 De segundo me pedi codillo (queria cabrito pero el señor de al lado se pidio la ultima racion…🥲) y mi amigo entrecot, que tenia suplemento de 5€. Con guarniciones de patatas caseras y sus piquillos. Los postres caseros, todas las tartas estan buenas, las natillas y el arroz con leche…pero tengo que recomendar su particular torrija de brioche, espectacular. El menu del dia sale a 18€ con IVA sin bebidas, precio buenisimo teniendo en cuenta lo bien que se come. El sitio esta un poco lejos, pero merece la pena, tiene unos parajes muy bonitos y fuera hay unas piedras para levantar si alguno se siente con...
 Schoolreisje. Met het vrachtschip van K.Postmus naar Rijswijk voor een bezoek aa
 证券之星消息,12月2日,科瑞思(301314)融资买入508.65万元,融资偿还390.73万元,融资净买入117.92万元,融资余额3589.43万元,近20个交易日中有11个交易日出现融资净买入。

--*--

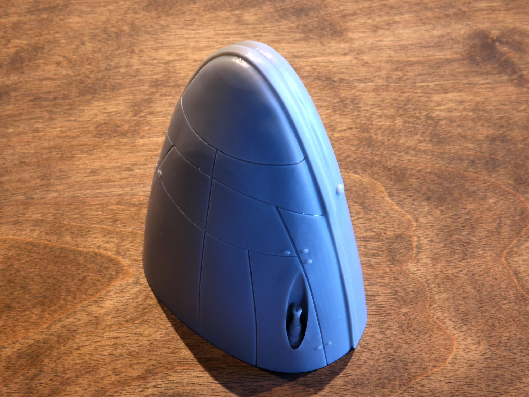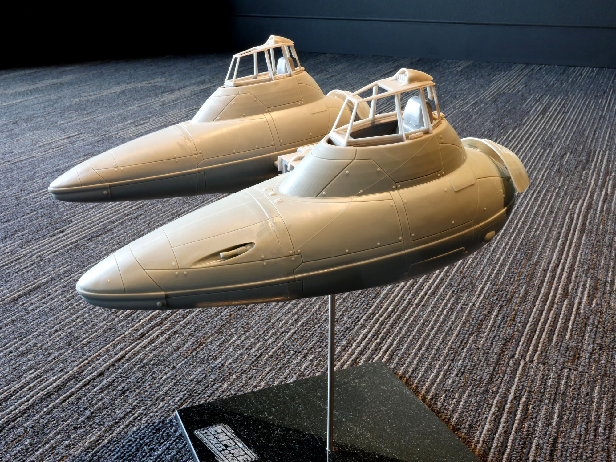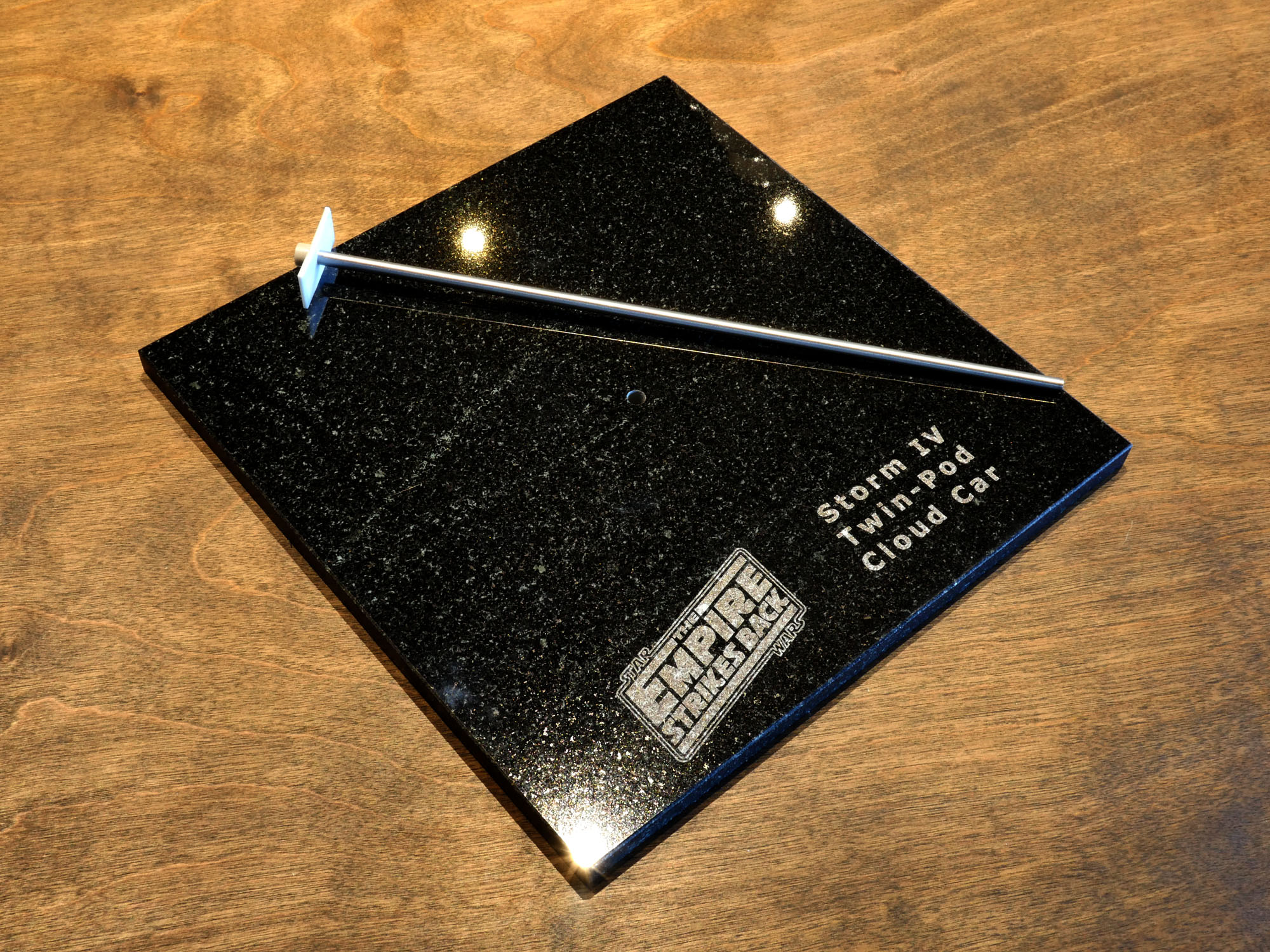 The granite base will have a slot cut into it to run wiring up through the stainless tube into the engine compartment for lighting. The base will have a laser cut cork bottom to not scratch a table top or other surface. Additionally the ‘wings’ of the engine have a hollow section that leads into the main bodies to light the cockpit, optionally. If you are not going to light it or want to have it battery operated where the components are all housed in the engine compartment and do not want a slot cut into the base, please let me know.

--*--

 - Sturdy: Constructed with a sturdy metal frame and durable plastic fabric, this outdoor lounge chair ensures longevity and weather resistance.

--*--

YOUR INSTRUCTIONS:
Copy the stretch of the records above that runs from the line with "Schoolreisje. Met het" through the line with "证券之星消息,12月2日,科". Both end lines belong in the copy, and nothing else does.

RESULT:
 Schoolreisje. Met het vrachtschip van K.Postmus naar Rijswijk voor een bezoek aa
 证券之星消息,12月2日,科瑞思(301314)融资买入508.65万元,融资偿还390.73万元,融资净买入117.92万元,融资余额3589.43万元,近20个交易日中有11个交易日出现融资净买入。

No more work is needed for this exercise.